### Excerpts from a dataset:
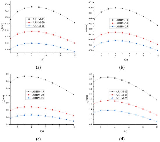 As can be seen from Figure 24, the vertical displacement in the middle of the beam span is as follows: ARHM-13 > ARHM-20 > ARHM-25. The maximum time of vertical displacement is about 4 s.
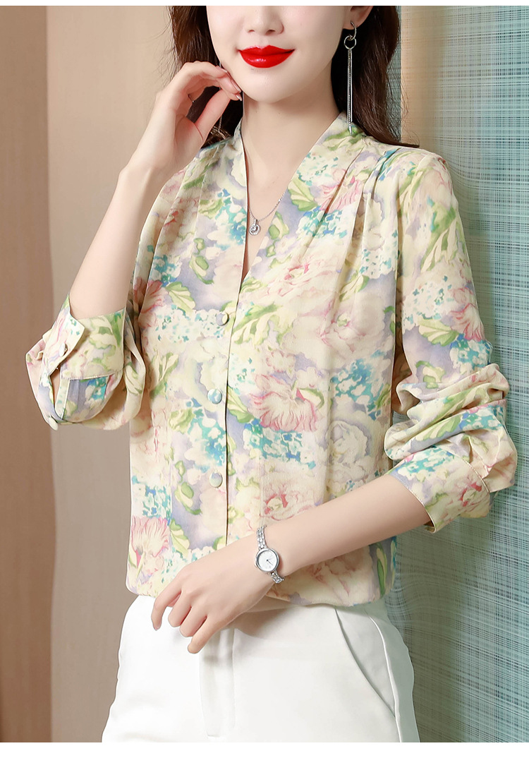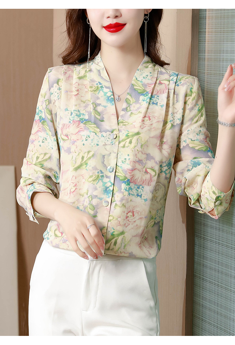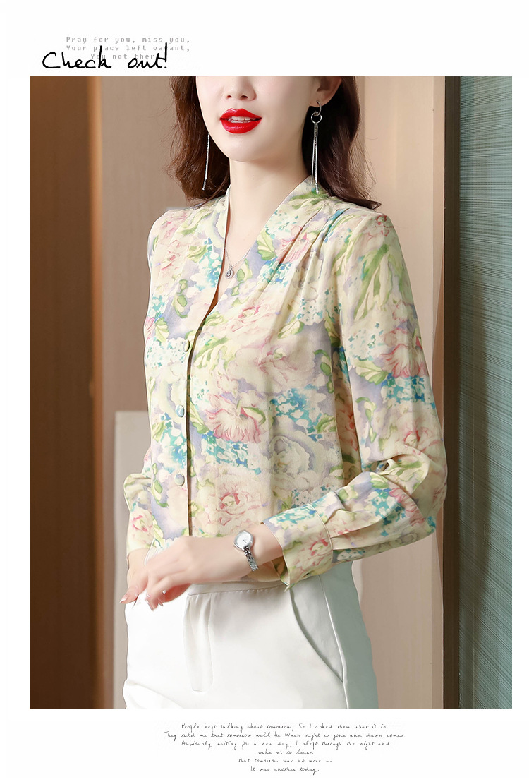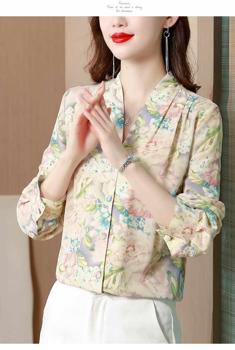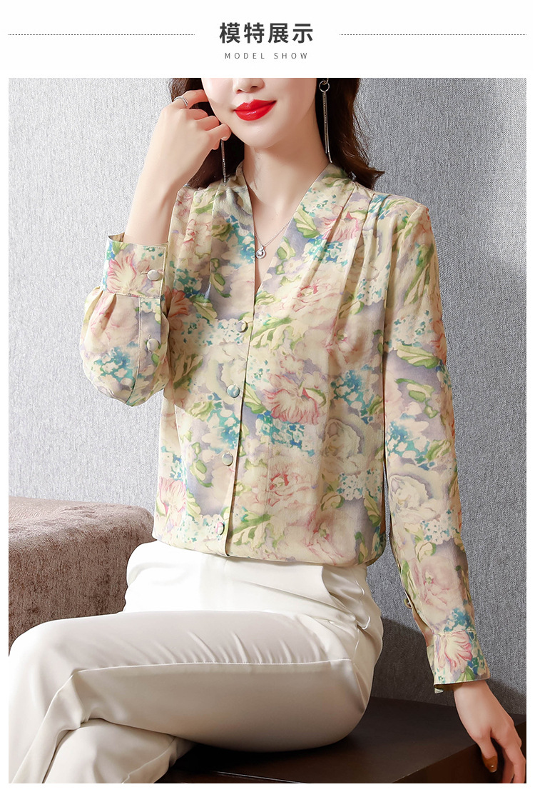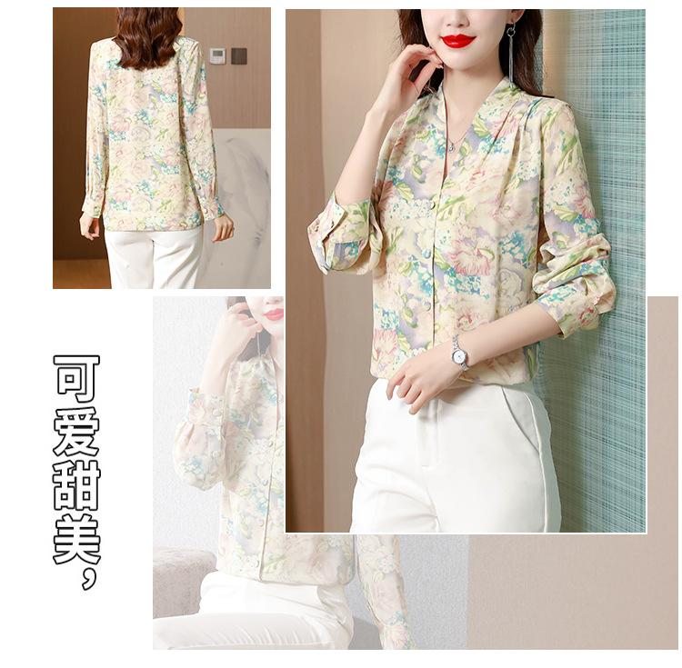 仿真丝衬衫女宽松2022春装新款女装春立体印花气质V领上衣 KQL8152
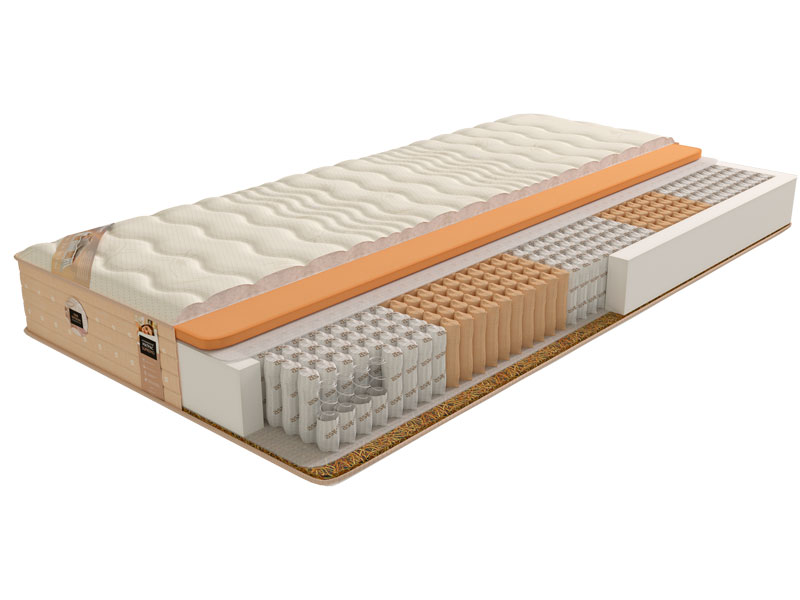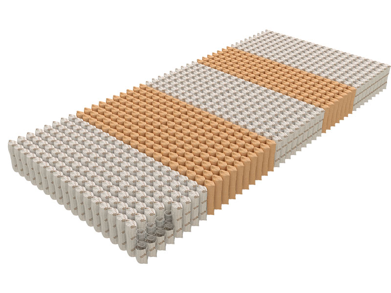 Независимый пружинный блок состоящий из различных по степени жесткости и упругости зон. Каждая из зон, выполненная из пружин различной жесткости, предназначена обеспечивать уровень поддержки, необходимой определенной части человеческого тела в соответствии с рекомендациями мануальных специалистов.
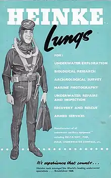 - Mid to late 1950s: the firm starts making "Heinke-Lung"[10] aqualungs, Delta[11] dry suits, Dolphin[12] and Falla[13] wetsuits, Hans Hass diving masks, swimming fins and snorkel tubes.
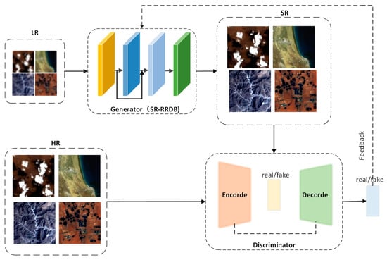The last module consists of two regular modules where the convolution kernel is changed from 1 × 1 to 3 × 3 to enlarge the perceptual field and to learn features better. With the above generator network structure, called SR-RRDB, a high-resolution image corresponding to the input image is reconstructed.
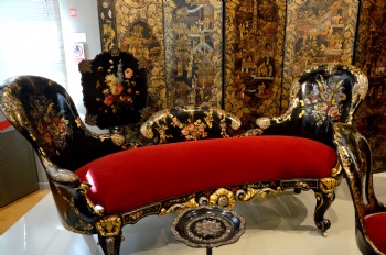 Ensuite, rendez-vous à l’Hôtel de la Monnaie où notre guide nous dit tout sur la fabrication d’objets en papier mâché à Pont-à-Mousson. Ouvert en 1999, le Musée « Au fil du papier » permet une immersion au cœur d’une industrie qui a marqué l’histoire du territoire lors de la fin du 19e et début du 20e siècles grâce à la famille allemande Adt, francophile, qui s’installa en Meurthe et Moselle suite à l’Annexion de 1870 pour des raisons de commodité. Nous admirons le magnifique « Salon de la Reine Victoria » acquis par la ville en 1995. Pour les grandes pièces, nous apprenons que l’armature est en bois et que seules les décorations sont en papier mâché. Plateaux pour fumeurs, coupelles, boîtes à thé, plumiers, ronds de serviette, vases … mais aussi un magnifique guéridon avec, pour décor, la cathédrale de Metz. Des objets élégants et raffinés inspirés des décors asiatiques.
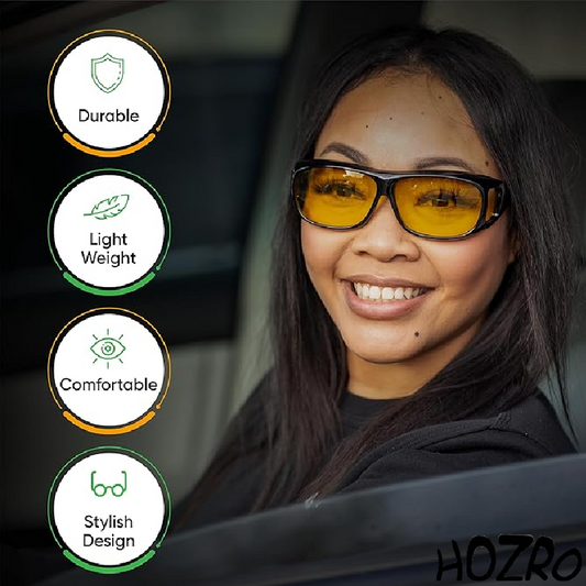 Ochelari de Noapte HOZRO, cu Lentile Galbene – Se Poartă Peste Ochelari de Vedere, Design Wrap Around, Reduc Oboseala Oculară și Strălucirea Farurilor, Ideali pentru Condus

### EXERCISE GOAL:
A faithful copy of every entry is needed, omitting each image.

### ANSWER SECTION:
 As can be seen from Figure 24, the vertical displacement in the middle of the beam span is as follows: ARHM-13 > ARHM-20 > ARHM-25. The maximum time of vertical displacement is about 4 s.
 仿真丝衬衫女宽松2022春装新款女装春立体印花气质V领上衣 KQL8152
 Независимый пружинный блок состоящий из различных по степени жесткости и упругости зон. Каждая из зон, выполненная из пружин различной жесткости, предназначена обеспечивать уровень поддержки, необходимой определенной части человеческого тела в соответствии с рекомендациями мануальных специалистов.
 - Mid to late 1950s: the firm starts making "Heinke-Lung"[10] aqualungs, Delta[11] dry suits, Dolphin[12] and Falla[13] wetsuits, Hans Hass diving masks, swimming fins and snorkel tubes.
The last module consists of two regular modules where the convolution kernel is changed from 1 × 1 to 3 × 3 to enlarge the perceptual field and to learn features better. With the above generator network structure, called SR-RRDB, a high-resolution image corresponding to the input image is reconstructed.
 Ensuite, rendez-vous à l’Hôtel de la Monnaie où notre guide nous dit tout sur la fabrication d’objets en papier mâché à Pont-à-Mousson. Ouvert en 1999, le Musée « Au fil du papier » permet une immersion au cœur d’une industrie qui a marqué l’histoire du territoire lors de la fin du 19e et début du 20e siècles grâce à la famille allemande Adt, francophile, qui s’installa en Meurthe et Moselle suite à l’Annexion de 1870 pour des raisons de commodité. Nous admirons le magnifique « Salon de la Reine Victoria » acquis par la ville en 1995. Pour les grandes pièces, nous apprenons que l’armature est en bois et que seules les décorations sont en papier mâché. Plateaux pour fumeurs, coupelles, boîtes à thé, plumiers, ronds de serviette, vases … mais aussi un magnifique guéridon avec, pour décor, la cathédrale de Metz. Des objets élégants et raffinés inspirés des décors asiatiques.
 Ochelari de Noapte HOZRO, cu Lentile Galbene – Se Poartă Peste Ochelari de Vedere, Design Wrap Around, Reduc Oboseala Oculară și Strălucirea Farurilor, Ideali pentru Condus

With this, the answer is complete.